Dear Students: Please stop writing papers on (insert generation here)

Auguste Comte (1798-1857) theorized that a new generation arises every 30 years. Other sociologists would slightly vary the timespan (15-30 years) but maintain the basic theory. The intention behind determining the length of a generation was often to devise a framework for cleanly dividing society into generational categories, in order to better understand cultural, political and ideological shifts. Today’s most-discussed generations have been divided in this tradition: “Baby Boomers” (1946-1964); “Generation X” (1965-1980); “Generation Y”/“Millennials” (1981-1996); and “Generation Z”/“Zoomers” (1997-2012). Although members of a specific age bracket participating in the same society may share some characteristics, problems arise when these categories are taken as absolutes, justifying the projection of a particular set of characteristics onto all individuals born within a specific timeframe. Globalization has perhaps made such generalizations more tempting, as information becomes more accessible, and cultures cross borders more fluidly than they did in Comte’s day. One can now observe the soubriquets “Gen X” and “Gen Y” (with their corresponding nicknames) pervading pop culture (and student papers) as internationally valid categories. However, even in the age of social media, this method of attributing generational characteristics is fundamentally flawed, because it does not account for variations in experience between and within societies.

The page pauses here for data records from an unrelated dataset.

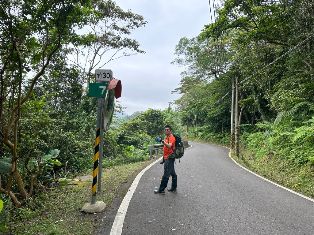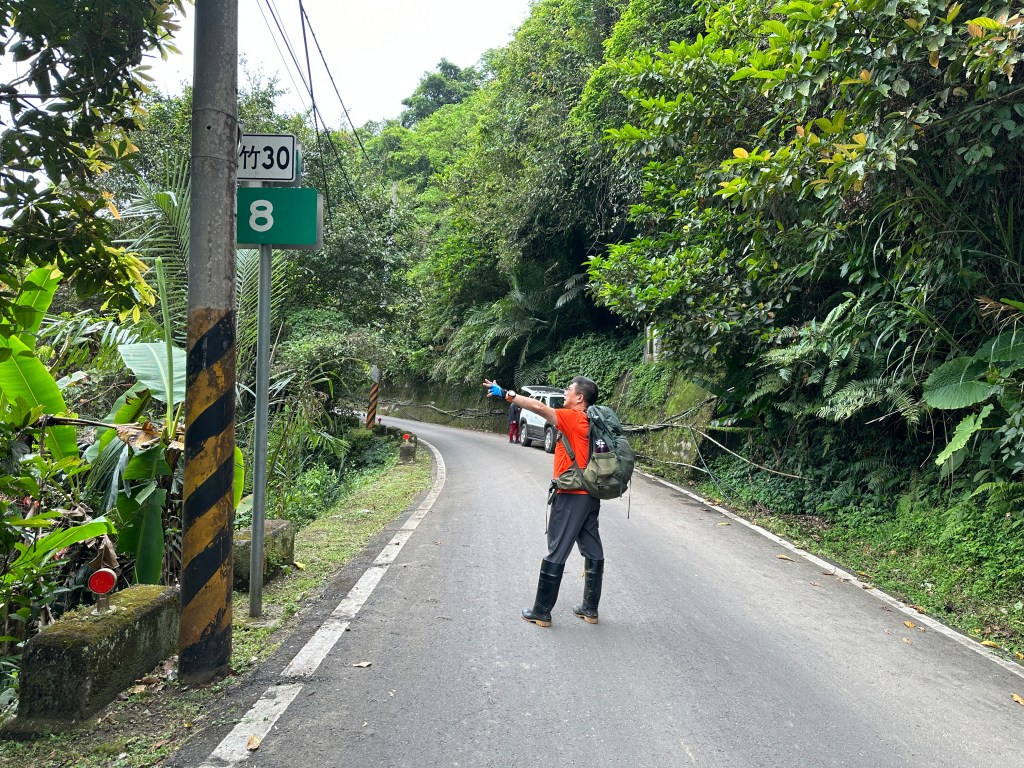 再來,離開西獅頭山,要硬切一小段不好走的路徑陡下,接上水泥路徑,再接上柏油路徑,接著,接上竹30線後,如果要O型走公路回去,還要由竹30線11K走回到竹30線5.6K的太元宮!結果一行三人走到9.6K左右時,就看到Joe開著汽車過來載我們,我們請Andy哥上車,而Smile與我(Gosen)則繼續自行雙腳接駁。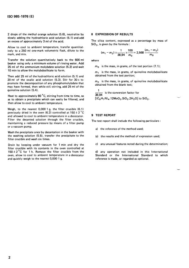 ISO 985:1976 is a standard published by the International Organization for Standardization (ISO). Its full title is "Sodium hydroxide for industrial use — Determination of silica content — Gravimetric method by precipitation of quinoline molybdosilicate". This standard covers: Sodium hydroxide for industrial use — Determination of silica content — Gravimetric method by precipitation of quinoline molybdosilicate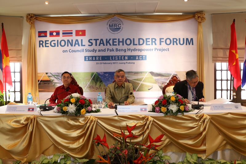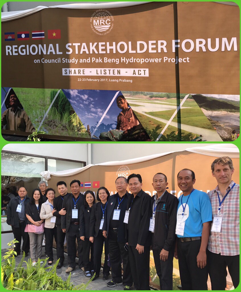 สำนักเลขาธิการคณะกรรมาธิการแม่น้ำโขงแห่ง (Mekong River Commission Secretariat: MRCS) จัดการประชุมเวทีระดับภูมิภาคเวทีผู้มีส่วนได้ส่วนเสียสำหรับการศึกษาการบริหารจัดการและพัฒนาลุ่มแม่น้ำโขงอย่างยั่งยืน รวมถึงผลกระทบจากการพัฒนาโครงการไฟฟ้าพลังน้ำในแม่น้ำโขงสายประธาน (Council Study) และโครงการไฟฟ้าพลังน้ำเขื่อนปากแบง (ของ สปป.ลาว) ระหว่างวันที่ 22 – 23 กุมภาพันธ์ 2560 ณ เมืองหลวงพระบางสปป.ลาว โดยมีผู้เข้าร่วมจากประเทศสมาชิก องค์กรอิสระ องค์กรระหว่างประเทศ และผู้สนใจทั่วไป แทนฝ่ายไทยเข้าร่วมประชุม ดังนี้ ผู้แทนกรมทรัพยากรน้ำ สำนักงานนโยบายและแผนทรัพยากรธรรมชาติและสิ่งแวดล้อม การไฟฟ้าฝ่ายผลิตแห่งประเทศไทย กรมประมง สถาบันชุมชนลุ่มน้ำโขง ผู้แทนเครือข่ายภาคประชาสังคมจังหวัดเชียงราย ผู้แทนภาคประชาสังคมภาคตะวันออกเฉียงเหนือตอนบน (เลย บึงกาฬ หนองคาย และนครพนม) ผู้แทนเครือข่ายภาคประชาสังคมภาคตะวันออกเฉียงเหนือตอนล่าง (มุกดาหาร อำนาจเจริญ อุบลราชธานี)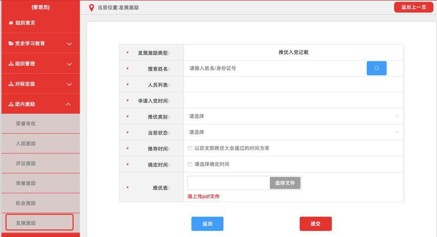 (1)团组织管理员点击“团内激励-发展激励”菜单,选择“推优入党记载”进入默认界面。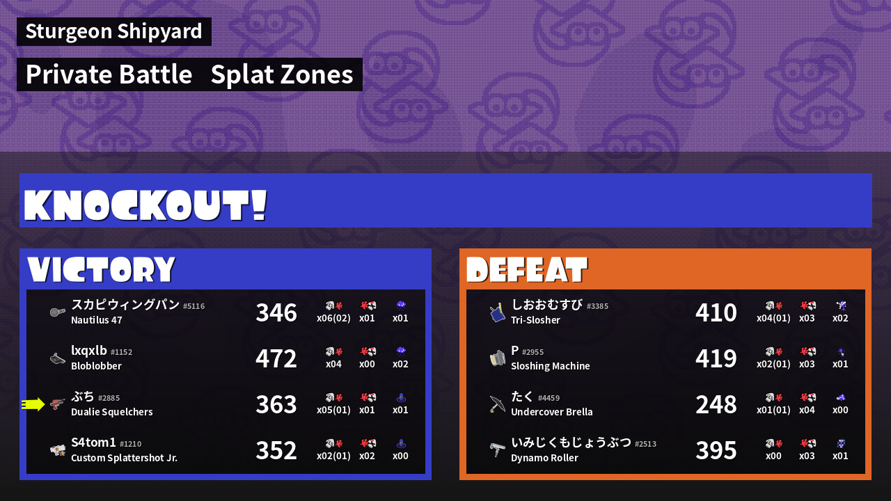 | Mode | Splat Zones - Private Battle | ||
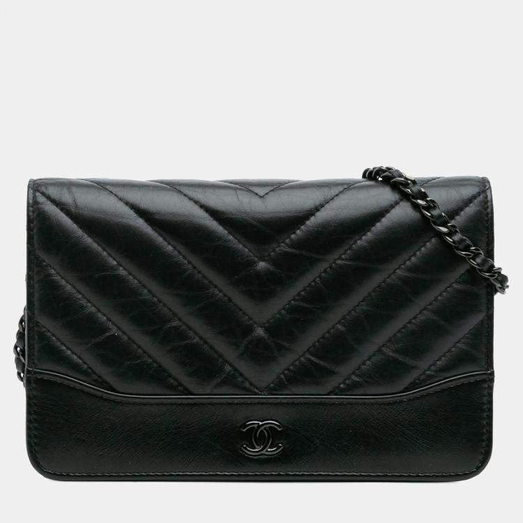 Chanel Black Chevron Aged Calfskin Gabrielle Wallet On Chain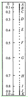 5、实验题 利用打点计时器研究一个约1.4m高的商店卷帘窗的运动,将纸带粘在卷帘底部,纸带通过打点计时器随帘在竖直面内向上运动。打印后的纸带如图所示,数据如表格所示。纸带中AB、BC、CD……每两点之间的时间间隔为0.10s,根据各间距的长度,可计算出卷帘窗在各间距内的平均速度v平均。可以将v平均近似地作为该间距中间时刻的即时速度v。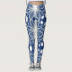 Elegantes, weißes Blumenmuster-Muster auf Deep Blu Leggings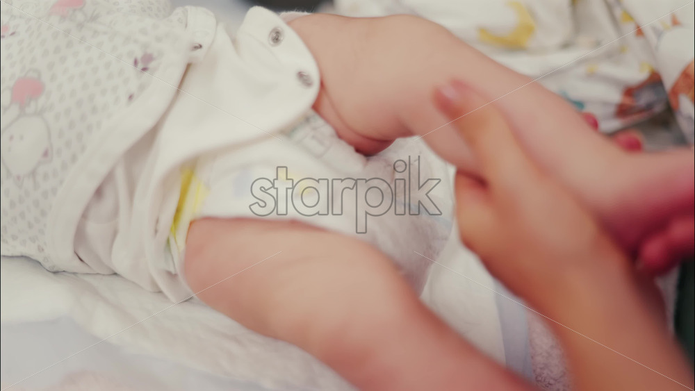 Close up of a parent’s hands massaging a baby’s legs Royalty Free Stock Video Footage

On the most basic level, one must consider the location of the generation in question. As discussed by Karl Mannheim (1927/1972), the location (Lagerung) should not only refer to the nation in which the individuals reside and the age bracket which they occupy, but also their position within society (p. 288-290). This often determines how social, economic, and political dynamics shape their perceptions and ideologies, which in turn distinguish one generation location from the next. A simple example would be the COVID-19 pandemic, the effects of which still cannot be determined. Although there may be talk of this being a “shared experience”, it only can only be truly shared among those who occupy the same location within a particular society. 

High school students still residing under the care of their parents (for better or worse) will likely have a different impression of the pandemic than university students trying out their first “go” at independence. Doctors and nurses on the front lines will observe a different pandemic from teachers who (for the most part) were able to continue working from the security of their homes (again, for better or worse). Moreover, those who lost their jobs due to budget cuts and business losses resulting from Covid restrictions will experience economic difficulties which were not experienced by those who were able to maintain an income. Within “Gen Z” (ages 9-24) alone, there are children who have spent at least one fundamental year of grade school online (if they attended school at all), high school students, workers, college students, medical students recruited to work in hospitals due to staff shortages, and so on. The ways in which the pandemic may have shaped their visions of their future, their overall mentality and behaviors is likely to vary significantly depending on their position, or location, within society. Universalized generational characteristics simply cannot be applied here, and these incongruencies may exist within a single country, district or even city. The variety of experiences thus broadens when we consider how each country handled the pandemic differently.

This issue of locality raises another concern for delineating generations – if we consider generations as markers for understanding ideological shifts, how can we determine when these shifts occurred? Often, it is not one single event which triggers a shift, but a series of events and innovations which lead to change. To simplify things, however, consider how there was no Prague Spring in the US, no 9/11 in the UK, and no Berlin Wall in Czechia. These events (randomly selected here without context) occurred at different times and played a role in stimulating changes to the environment (e.g., enhanced security measures in the US after 911, the reunification of Germany after the fall of the Berlin Wall, etc.), which may have influenced the perceptions of citizens, depending on their location within society and how they were affected by the change. Therefore, when we examine the significance of locality on a broader scale, we may see that even the timeframe given for each generation may differ, and the characteristics applied to each certainly cannot apply on an international scale.

Although the division of society into concrete generational chunks may be a useful thought exercise to begin evaluating how and why larger ideological shifts occur, one must consider how individuals may be influenced differently by the same changes in their environment, depending on their location within society at the time. This may lead to certain commonalities among people of the same age, profession, economic status (etc.), as these factors determine their location within society. Nevertheless, this does not mean that these characteristics can be applied to Gen X, Y, or Z universally on an international scale without questioning if and why any discrepancies may exist.

Mannheim, K. (1972). The Problem of Generations. In P. Kecskemeti (Ed.), Karl Mannheim: Essays (2nd ed., pp. 276-322). Routledge. (Original work published 1927).